### To do
A stretch of the entries below is to be set down exactly, running from the line with "插画复活节彩蛋鲜花免抠元素" through the line with "Черкашин В.С., один", both included, and no other line.

### Data shown
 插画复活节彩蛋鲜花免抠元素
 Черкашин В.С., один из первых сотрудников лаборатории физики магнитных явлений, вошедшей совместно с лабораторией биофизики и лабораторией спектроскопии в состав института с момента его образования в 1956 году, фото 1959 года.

--

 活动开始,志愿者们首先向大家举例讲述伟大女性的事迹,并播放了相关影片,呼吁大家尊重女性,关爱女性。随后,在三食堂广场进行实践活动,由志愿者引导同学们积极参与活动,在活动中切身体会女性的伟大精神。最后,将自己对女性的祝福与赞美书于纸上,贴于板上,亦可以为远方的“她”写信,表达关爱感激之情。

* * *

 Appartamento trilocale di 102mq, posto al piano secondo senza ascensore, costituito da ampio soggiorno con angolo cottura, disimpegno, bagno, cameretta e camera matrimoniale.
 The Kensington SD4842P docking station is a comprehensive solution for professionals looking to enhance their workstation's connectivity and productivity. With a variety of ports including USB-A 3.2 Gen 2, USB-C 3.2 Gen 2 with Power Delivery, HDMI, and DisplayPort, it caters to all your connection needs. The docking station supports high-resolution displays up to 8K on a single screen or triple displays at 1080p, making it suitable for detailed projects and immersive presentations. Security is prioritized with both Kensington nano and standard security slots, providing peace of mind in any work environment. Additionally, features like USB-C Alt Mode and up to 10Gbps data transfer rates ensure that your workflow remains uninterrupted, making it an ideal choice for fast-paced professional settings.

### Written answer
 插画复活节彩蛋鲜花免抠元素
 Черкашин В.С., один из первых сотрудников лаборатории физики магнитных явлений, вошедшей совместно с лабораторией биофизики и лабораторией спектроскопии в состав института с момента его образования в 1956 году, фото 1959 года.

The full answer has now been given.